Researchers at the Korea Institute of Science and Technology have developed a technique to coat implantable materials, such as stents, with extracellular matrix components and cells. The new approach could Continue Reading

Researchers at the Korea Institute of Science and Technology have developed a technique to coat implantable materials, such as stents, with extracellular matrix components and cells. The new approach could lead to implantable devices that suffer fewer adverse events, such as fibrosis, inflammation, and clotting, because of the foreign body response.

Implantable devices all suffer the same limitation – the foreign body response. It is difficult to make the body accept a foreign object, and the foreign body response is behind the majority of failures of implants, especially in devices intended for long-term stay within the body. The body typically reacts to foreign objects through fibrosis and inflammation, and this can spill over into other effects such as blood clotting. In long-term implants such as stents, these phenomena can lead to device failure or unacceptable safety concerns, resulting in the need for additional procedures and treatments.
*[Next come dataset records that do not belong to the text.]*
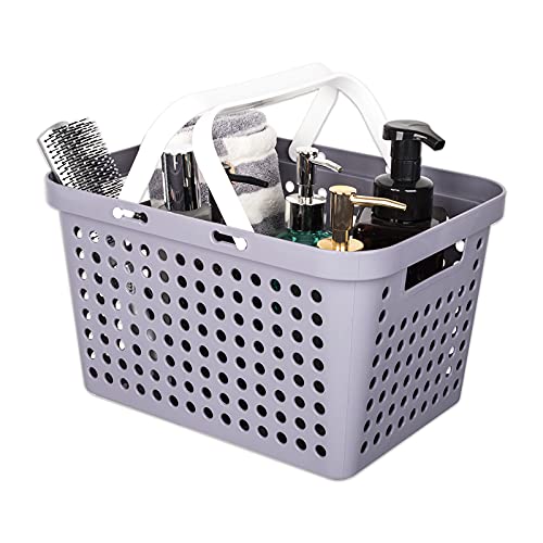 Cesto portaoggetti con manici, piccolo cestino da bagno in plastica, cestino portaoggetti per bagno, cucina, 30,5 x 22,5 x 18 cm, grigio
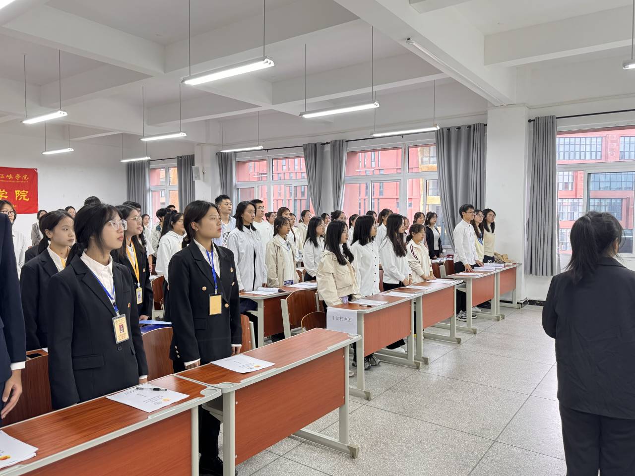 会议第一项,由主持人宣布大会开幕,全体代表起立齐唱国歌。
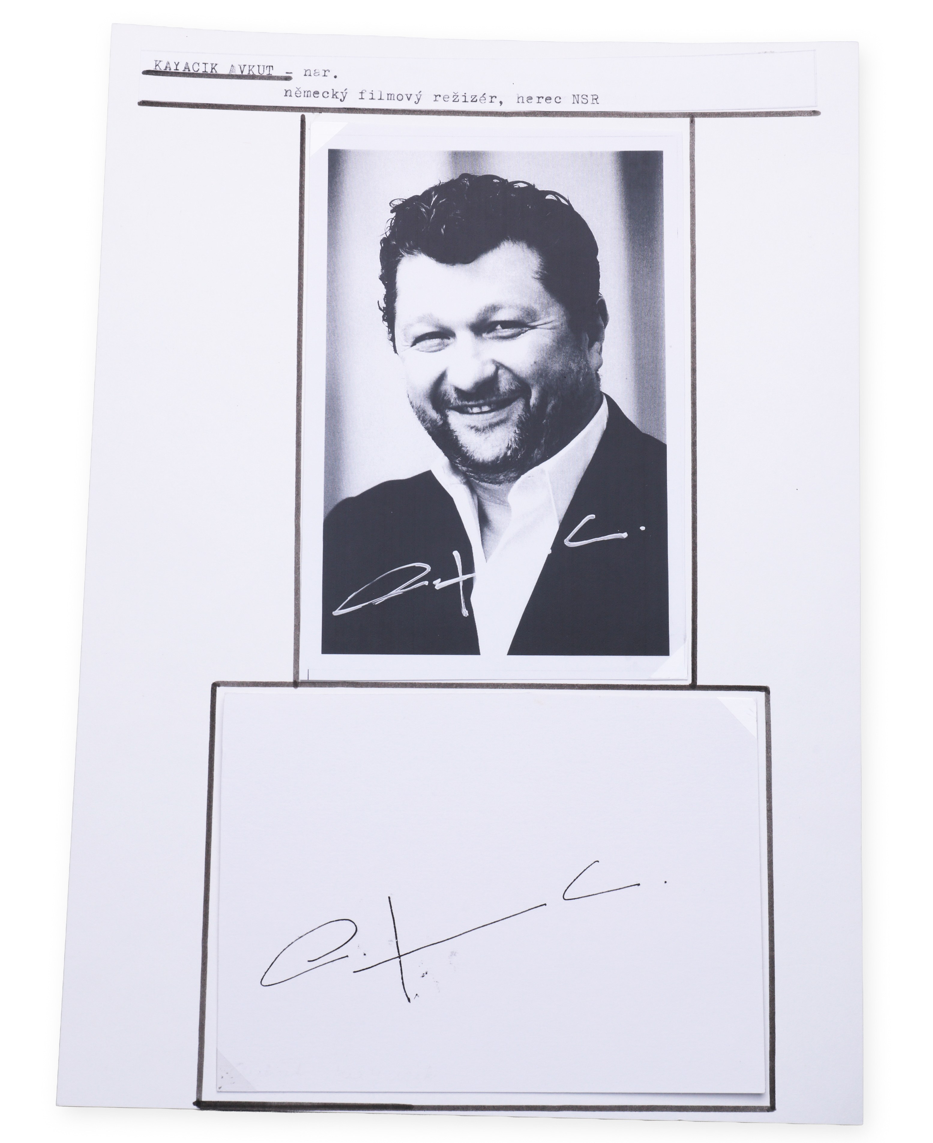 Avkut Kayacık's signature on the card and photo placed on the collector's sheet. Avkut Kayacik is a Turkish-German actor, known for his work in German television and film. His signature is an interesting collector's item associated with an actor who played a number of character roles in European film and television productions.Bidders are obliged to inform themselves about the condition of the lots before the auction, subsequent complaints will not be taken into account.
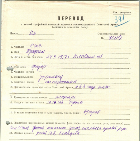 Военнопленные, трофейные карточки. Киевская обл.
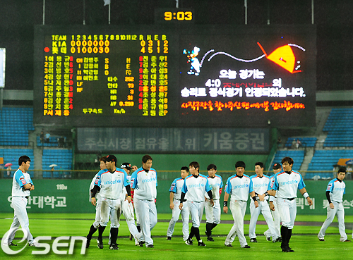 [OSEN=사직,지형준기자] 롯데가 30일 사직구장에서 열린 2011 롯데카드 프로야구 KIA와의 홈경기에서 선발 고원준이 7이닝 무실점 완봉역투와 손아섭의 2타점 3루타를 앞세워 4-0, 강우콜드 승리를 거두었다. 롯데는 4연패 탈출의 기쁨을 누렸고 KIA는 3연승에서 마감했다.
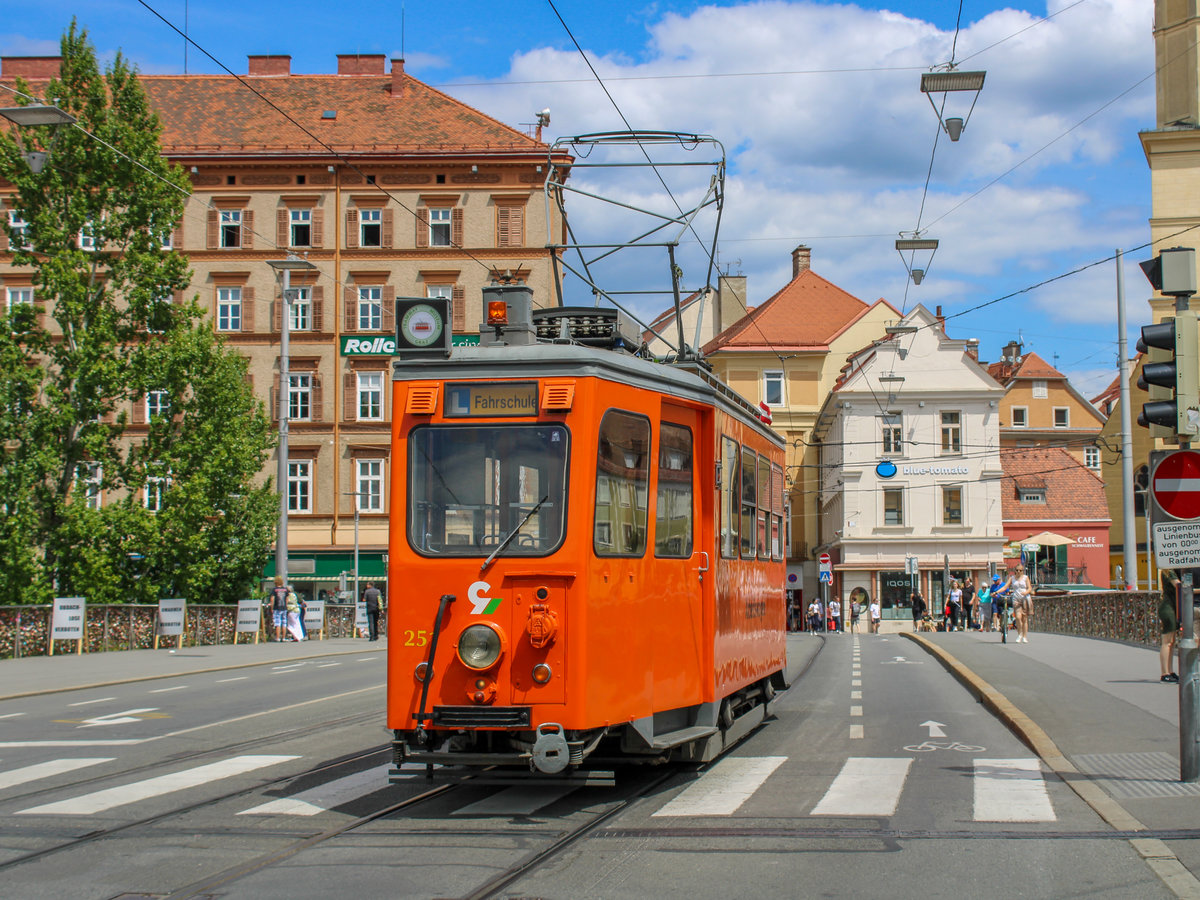 Graz. Nachschuss Um für die Saison 2020 im Tramway Museum Graz genug Personal zu haben, fand am 04.07.2020 eine Fahrschulfahrt mit Oldtimer 251 statt. Den ehemaligen Arbeitswagen konnte ich hier auf der Hauptbrücke ablichten.
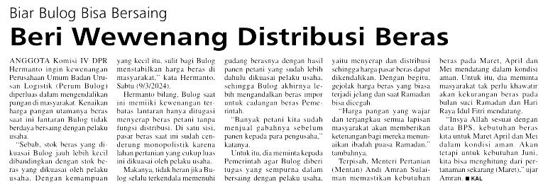 | Judul | Biar bulog bisa bersaing, beri wewenang distribusi beras |
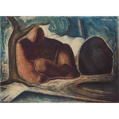 The 1935 fireclay sculpture Rhythmical Figure (lot 2) features in McCance’s 1945 watercolour wax resists Lucifer Nos. 1 & 3 (lots 1 & 32) and his 1946 oil painting Seated Figure with Fruit (lot 3).
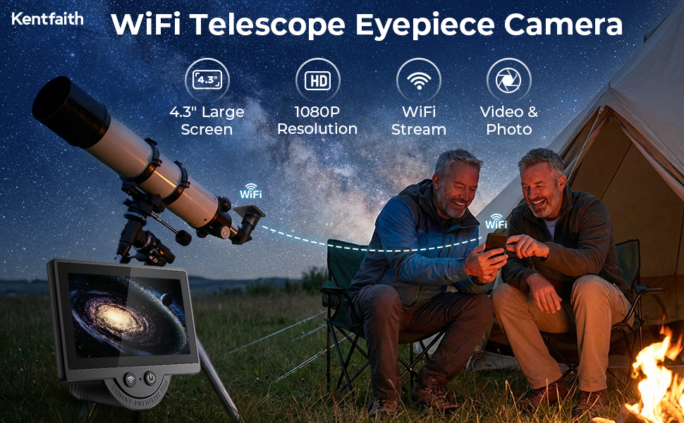 Telescope Electronic Eyepiece with 4.3in Screen, WiFi Live Stream, Capture 1080P Photos & Videos, Rechargeable, Kentfaith

Researchers have developed a variety of device coatings in an attempt to reduce or prevent the foreign body response, and these have met mixed success. This latest technology relies on coating devices with extracellular matrix and then therapeutic cells, in an attempt to both reduce the foreign body response and provide therapeutic benefit at the same time.

“This technology can be used to improve various materials that are inserted into the human body,” said Yoon Ki Joung, a researcher involved in the study, in a press release. “Therefore, it is expected to provide a universal platform for the development of implantable diagnostic and treatment devices (that can potentially dictate the future of technology in the field) and medical devices such as stents and implants that require long-term implantation.”

The technique involves coating a material with polydopamine and fibronectin, and then preculturing it with cells which deposit a layer of extracellular matrix onto the material surface. Then the researchers remove the cell layer and replace it with a layer of therapeutic cells. In the case of a stent, they experimented with a surface layer of endothelial progenitor cells, which can help to regenerate the endothelium.

Calcein stained live outgrowth endothelial cells adhered on bare metal stent (BMS) and pDA /FN/ECM coated stent, respectively.

So far, the stent has been tested in a pig model. It demonstrated endothelial regeneration in situ, and compared favorably with other tested stents. With further work, such cell loaded surfaces may help to improve the long-term prospects of implanted materials.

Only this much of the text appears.